A lightweight Python package to convert clinical tabular datasets (e.g., SDTM/ADaM) and metadata into CDISC Dataset-JSON v1.1 format. It supports multiple metadata input formats including CSV, Excel, JSON, and XML (planned). If you don't have a specific column metadata file the it can also extracts variable label from specification file and create column metadata.
The CDISC Dataset-JSON standard is essential for regulatory submissions and data sharing in the clinical trial industry.
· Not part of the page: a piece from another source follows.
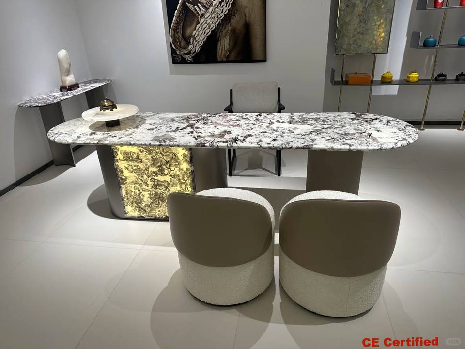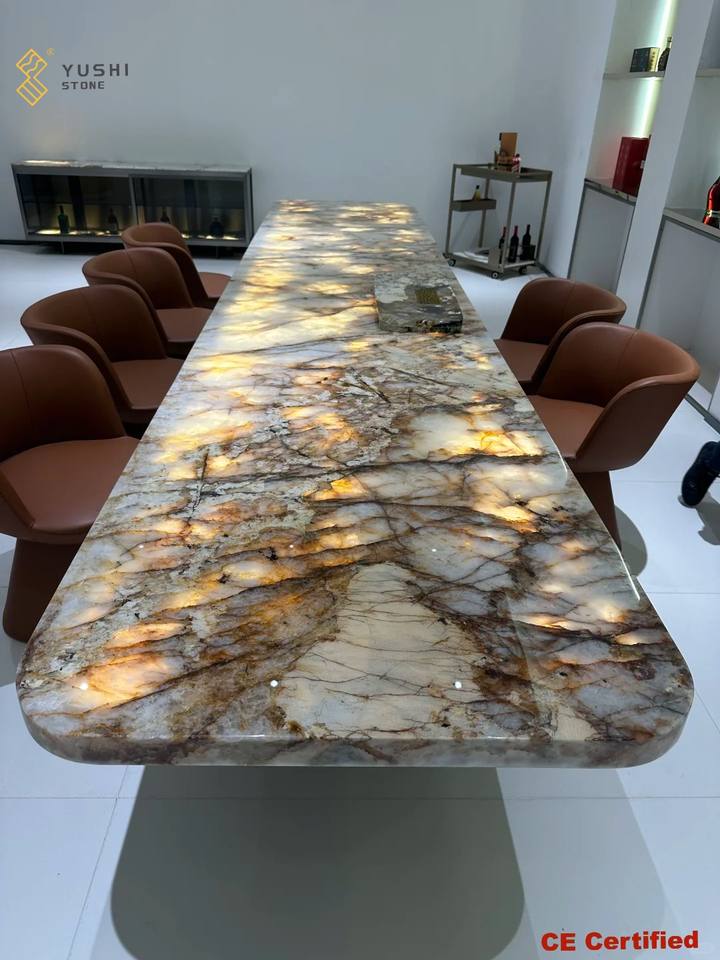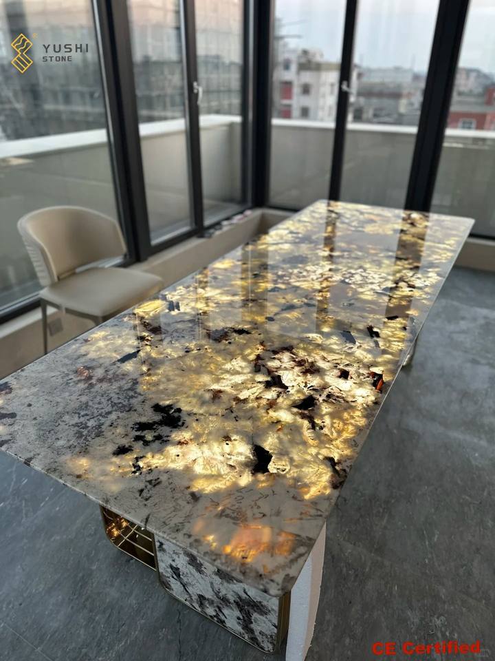 YUSHI Luxury Modern Patagonia Quartzite Dining Table Top Waterproof Feature for Hotels Commercial Spaces Dining Room Furniture

This package simplifies the process of creating compliant JSON files from common data formats like CSV or pandas DataFrames, saving developers time and reducing the risk of manual errors.
- Converts
DataFrame+ column metadata to Dataset-JSON v1.1 - Supports CSV, Excel, JSON for metadata
- Auto-generates
datasetJSONCreationDateTime - Enforces required top-level metadata
- Extract Variable Label from Specification file
- Converts extracted Variable Label into column metadata
- loads a Dataset-JSON file into a pandas DataFrame and attaches the top-level metadata to the DataFrame's attrs attribute.
pip install dsjson
from dsjson import load_metadata, to_dataset_json, extract_labels, make_column_metedata
import pandas as pd
my_excel_path = r"specification path"
# Load data
rows = pd.read_csv("examples/vs.csv")
# Extract variables from specification and convereted that to column metadata
variable_labels = extract_labels(spec_path=my_excel_path, sheet_name="DM", variable_name_col="Variable Name", variable_label_col="Variable Label")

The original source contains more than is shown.